-------- AVAILABLE DATA --------

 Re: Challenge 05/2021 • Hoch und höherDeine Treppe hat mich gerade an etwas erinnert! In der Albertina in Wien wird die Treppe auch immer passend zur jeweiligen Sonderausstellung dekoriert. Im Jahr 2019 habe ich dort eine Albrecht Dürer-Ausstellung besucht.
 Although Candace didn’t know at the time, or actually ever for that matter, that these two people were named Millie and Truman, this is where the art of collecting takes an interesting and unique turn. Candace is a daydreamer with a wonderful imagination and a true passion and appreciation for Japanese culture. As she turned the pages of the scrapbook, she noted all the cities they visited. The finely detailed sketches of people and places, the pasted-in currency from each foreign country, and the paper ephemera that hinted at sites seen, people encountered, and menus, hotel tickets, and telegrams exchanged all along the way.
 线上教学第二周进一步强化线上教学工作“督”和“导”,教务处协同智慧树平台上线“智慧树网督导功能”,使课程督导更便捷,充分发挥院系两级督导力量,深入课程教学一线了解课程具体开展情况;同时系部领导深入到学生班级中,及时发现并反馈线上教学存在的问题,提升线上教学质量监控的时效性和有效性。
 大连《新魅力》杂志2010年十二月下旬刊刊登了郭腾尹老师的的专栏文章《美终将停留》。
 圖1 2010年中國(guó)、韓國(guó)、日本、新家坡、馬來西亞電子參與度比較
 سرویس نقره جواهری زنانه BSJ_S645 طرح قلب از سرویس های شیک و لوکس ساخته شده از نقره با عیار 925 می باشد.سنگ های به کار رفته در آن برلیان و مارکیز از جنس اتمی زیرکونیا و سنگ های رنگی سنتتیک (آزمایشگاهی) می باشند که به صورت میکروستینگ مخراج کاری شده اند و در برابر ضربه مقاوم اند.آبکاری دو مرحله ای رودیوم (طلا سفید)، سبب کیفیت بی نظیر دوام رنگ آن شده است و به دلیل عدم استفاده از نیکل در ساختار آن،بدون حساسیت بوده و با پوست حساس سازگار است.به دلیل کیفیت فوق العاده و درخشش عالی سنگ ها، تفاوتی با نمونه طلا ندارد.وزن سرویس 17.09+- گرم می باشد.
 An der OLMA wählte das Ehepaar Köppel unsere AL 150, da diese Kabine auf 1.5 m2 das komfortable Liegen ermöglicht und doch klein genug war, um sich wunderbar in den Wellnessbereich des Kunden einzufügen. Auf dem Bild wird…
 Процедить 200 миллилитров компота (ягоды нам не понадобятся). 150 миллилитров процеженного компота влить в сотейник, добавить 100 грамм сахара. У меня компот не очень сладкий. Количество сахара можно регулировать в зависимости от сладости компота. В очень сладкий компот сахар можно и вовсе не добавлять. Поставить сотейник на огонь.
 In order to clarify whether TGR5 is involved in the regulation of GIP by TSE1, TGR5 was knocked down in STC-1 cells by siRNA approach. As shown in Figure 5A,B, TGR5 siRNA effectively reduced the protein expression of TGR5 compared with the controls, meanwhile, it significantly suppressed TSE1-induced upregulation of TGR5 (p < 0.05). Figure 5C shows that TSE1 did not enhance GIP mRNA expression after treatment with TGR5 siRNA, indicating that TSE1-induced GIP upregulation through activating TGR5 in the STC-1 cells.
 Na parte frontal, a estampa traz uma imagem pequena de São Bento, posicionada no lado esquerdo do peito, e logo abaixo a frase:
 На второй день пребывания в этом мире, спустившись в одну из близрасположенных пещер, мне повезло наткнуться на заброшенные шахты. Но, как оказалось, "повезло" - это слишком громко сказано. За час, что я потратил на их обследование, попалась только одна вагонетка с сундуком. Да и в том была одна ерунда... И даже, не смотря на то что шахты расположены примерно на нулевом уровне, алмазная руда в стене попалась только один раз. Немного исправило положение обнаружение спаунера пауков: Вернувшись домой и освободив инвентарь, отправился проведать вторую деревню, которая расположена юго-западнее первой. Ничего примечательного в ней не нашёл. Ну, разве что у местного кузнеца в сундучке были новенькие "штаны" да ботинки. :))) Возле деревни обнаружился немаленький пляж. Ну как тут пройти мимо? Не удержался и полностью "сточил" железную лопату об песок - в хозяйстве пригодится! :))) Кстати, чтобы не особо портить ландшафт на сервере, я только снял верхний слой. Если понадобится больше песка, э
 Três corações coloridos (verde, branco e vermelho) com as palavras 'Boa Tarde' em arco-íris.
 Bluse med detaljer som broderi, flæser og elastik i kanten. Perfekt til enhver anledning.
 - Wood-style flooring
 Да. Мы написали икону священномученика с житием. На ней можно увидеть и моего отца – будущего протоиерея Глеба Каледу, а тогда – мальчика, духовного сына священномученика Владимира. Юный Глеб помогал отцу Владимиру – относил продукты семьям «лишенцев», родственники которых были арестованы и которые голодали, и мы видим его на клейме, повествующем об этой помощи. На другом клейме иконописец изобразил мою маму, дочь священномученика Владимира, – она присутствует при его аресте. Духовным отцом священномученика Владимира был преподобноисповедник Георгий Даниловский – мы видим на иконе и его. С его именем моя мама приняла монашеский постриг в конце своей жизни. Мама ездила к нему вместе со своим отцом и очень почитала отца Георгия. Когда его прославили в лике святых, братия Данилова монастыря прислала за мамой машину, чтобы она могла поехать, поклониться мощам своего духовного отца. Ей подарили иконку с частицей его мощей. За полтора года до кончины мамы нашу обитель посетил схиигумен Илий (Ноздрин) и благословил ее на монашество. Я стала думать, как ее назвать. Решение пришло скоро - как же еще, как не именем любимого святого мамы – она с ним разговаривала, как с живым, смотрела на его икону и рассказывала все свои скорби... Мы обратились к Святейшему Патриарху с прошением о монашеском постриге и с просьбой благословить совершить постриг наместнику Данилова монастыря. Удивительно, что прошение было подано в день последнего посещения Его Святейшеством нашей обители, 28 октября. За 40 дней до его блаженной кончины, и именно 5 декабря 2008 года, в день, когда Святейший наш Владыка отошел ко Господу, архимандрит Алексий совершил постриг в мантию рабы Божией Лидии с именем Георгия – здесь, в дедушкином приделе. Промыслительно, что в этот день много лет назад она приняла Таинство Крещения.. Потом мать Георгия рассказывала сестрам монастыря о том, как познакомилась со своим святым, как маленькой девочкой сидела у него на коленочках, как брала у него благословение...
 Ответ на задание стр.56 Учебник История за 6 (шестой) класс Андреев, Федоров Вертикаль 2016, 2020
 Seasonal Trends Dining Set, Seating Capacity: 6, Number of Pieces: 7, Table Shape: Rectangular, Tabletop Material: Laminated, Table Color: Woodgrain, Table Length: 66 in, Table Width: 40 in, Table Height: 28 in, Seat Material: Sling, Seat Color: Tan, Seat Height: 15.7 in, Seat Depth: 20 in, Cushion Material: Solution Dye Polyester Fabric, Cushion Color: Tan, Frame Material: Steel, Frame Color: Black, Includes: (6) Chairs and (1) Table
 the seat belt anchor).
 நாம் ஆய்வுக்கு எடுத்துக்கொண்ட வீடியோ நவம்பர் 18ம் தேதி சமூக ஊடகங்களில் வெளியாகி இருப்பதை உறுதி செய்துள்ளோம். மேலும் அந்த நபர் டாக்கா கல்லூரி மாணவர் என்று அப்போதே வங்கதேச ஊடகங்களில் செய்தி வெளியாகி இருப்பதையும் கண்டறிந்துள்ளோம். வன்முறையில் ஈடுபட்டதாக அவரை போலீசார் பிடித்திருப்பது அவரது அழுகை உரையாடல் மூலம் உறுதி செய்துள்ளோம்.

--------

Filter the data above by the word "wird" and copy every line that matches.

 Re: Challenge 05/2021 • Hoch und höherDeine Treppe hat mich gerade an etwas erinnert! In der Albertina in Wien wird die Treppe auch immer passend zur jeweiligen Sonderausstellung dekoriert. Im Jahr 2019 habe ich dort eine Albrecht Dürer-Ausstellung besucht.
 An der OLMA wählte das Ehepaar Köppel unsere AL 150, da diese Kabine auf 1.5 m2 das komfortable Liegen ermöglicht und doch klein genug war, um sich wunderbar in den Wellnessbereich des Kunden einzufügen. Auf dem Bild wird…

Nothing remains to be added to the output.